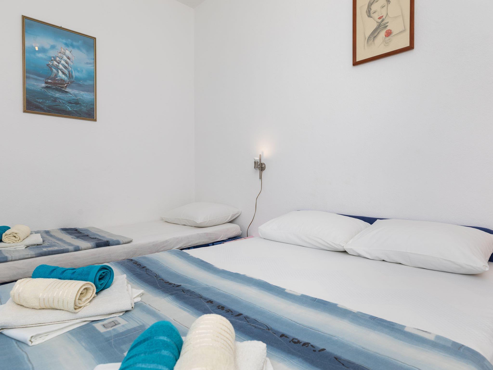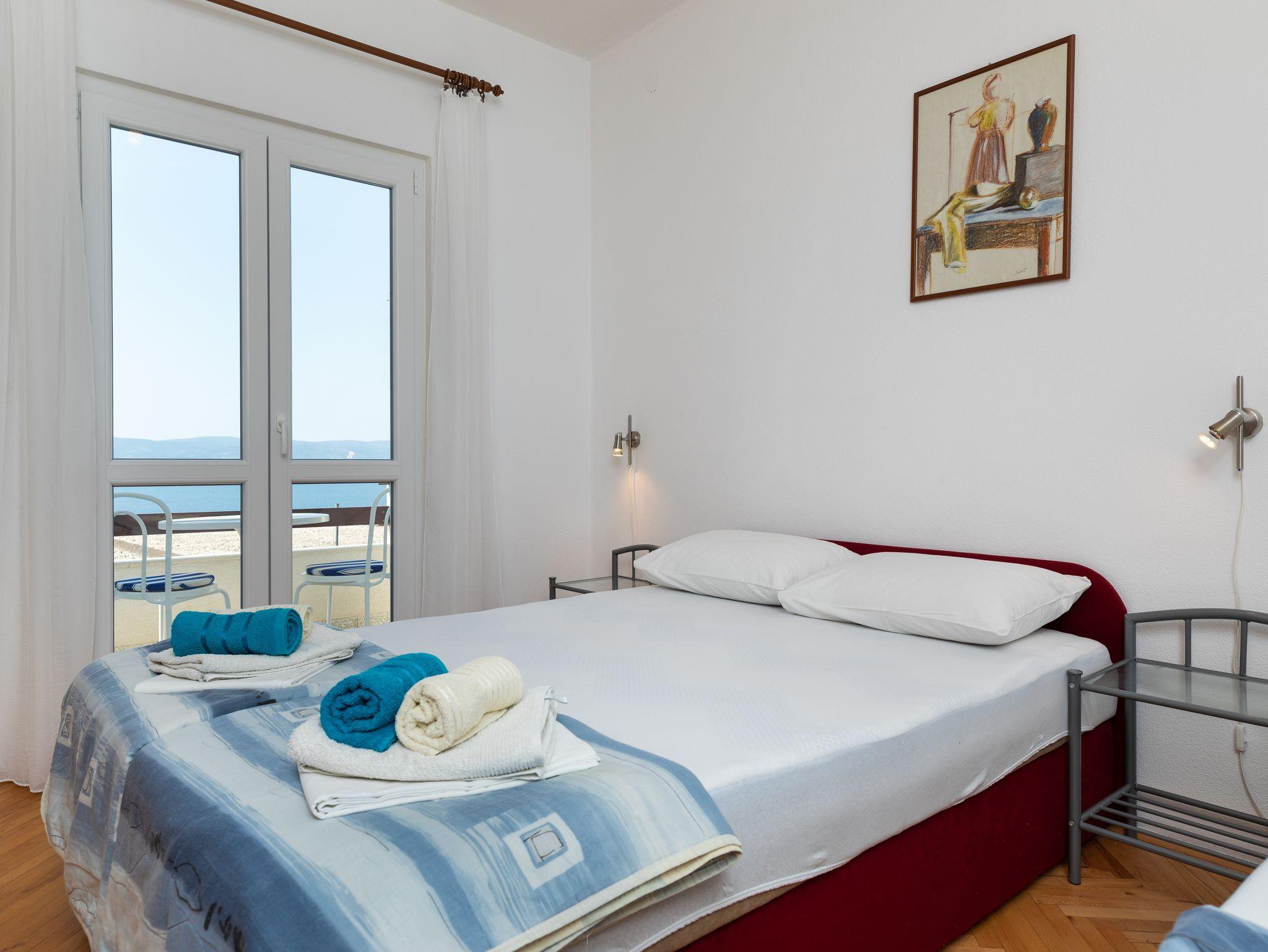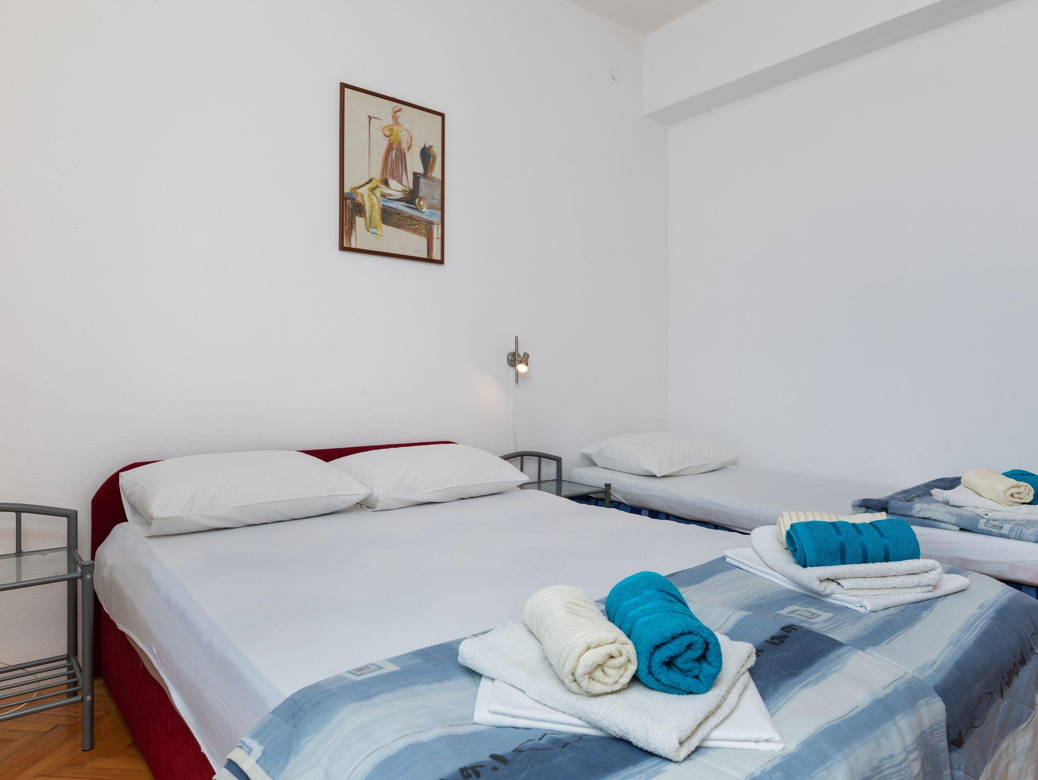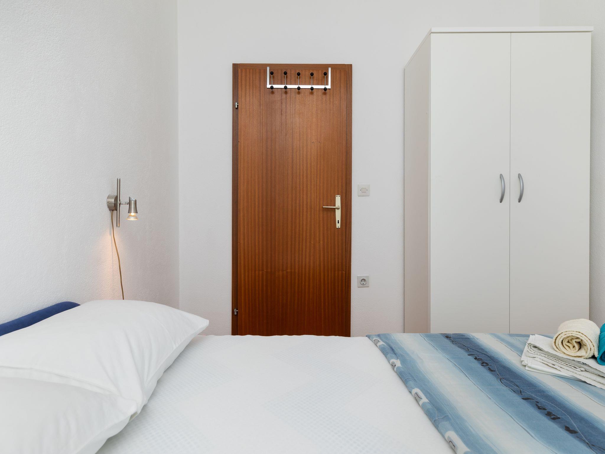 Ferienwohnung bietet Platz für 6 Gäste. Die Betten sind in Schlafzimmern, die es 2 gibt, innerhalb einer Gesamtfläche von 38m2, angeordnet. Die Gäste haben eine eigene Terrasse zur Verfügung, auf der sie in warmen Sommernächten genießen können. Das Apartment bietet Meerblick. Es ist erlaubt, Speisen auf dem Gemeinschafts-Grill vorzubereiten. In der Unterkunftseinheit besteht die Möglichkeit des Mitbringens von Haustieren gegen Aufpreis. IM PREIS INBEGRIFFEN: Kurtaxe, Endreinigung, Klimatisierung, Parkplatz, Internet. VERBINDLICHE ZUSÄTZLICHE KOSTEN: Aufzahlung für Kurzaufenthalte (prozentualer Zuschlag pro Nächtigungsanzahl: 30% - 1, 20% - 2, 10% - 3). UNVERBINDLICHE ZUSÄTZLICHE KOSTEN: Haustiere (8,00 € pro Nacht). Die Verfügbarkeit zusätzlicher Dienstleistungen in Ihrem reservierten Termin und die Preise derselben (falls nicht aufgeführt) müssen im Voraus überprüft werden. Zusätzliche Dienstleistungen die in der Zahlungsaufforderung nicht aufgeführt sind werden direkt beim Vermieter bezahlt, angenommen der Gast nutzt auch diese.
========================================================================
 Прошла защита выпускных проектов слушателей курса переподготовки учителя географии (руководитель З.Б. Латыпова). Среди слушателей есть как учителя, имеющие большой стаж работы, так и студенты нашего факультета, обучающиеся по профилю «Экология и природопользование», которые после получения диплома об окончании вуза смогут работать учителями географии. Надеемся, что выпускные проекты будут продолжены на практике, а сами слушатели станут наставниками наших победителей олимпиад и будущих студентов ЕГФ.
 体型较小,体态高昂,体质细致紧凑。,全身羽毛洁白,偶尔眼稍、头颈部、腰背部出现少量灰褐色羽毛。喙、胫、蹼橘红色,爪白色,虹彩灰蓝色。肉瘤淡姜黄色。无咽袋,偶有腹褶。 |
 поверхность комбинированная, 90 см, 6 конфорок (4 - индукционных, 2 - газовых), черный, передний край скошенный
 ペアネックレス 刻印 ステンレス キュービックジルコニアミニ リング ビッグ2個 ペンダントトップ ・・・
========================================================================
**EXERCISE BRIEF**:
Please return the lines above that run from the line containing "поверхность комбинированная, 90" to the line containing "ペアネックレス 刻印 ステンレス", inclusive, exactly and with no other lines.

**WRITTEN ANSWER**:
 поверхность комбинированная, 90 см, 6 конфорок (4 - индукционных, 2 - газовых), черный, передний край скошенный
 ペアネックレス 刻印 ステンレス キュービックジルコニアミニ リング ビッグ2個 ペンダントトップ ・・・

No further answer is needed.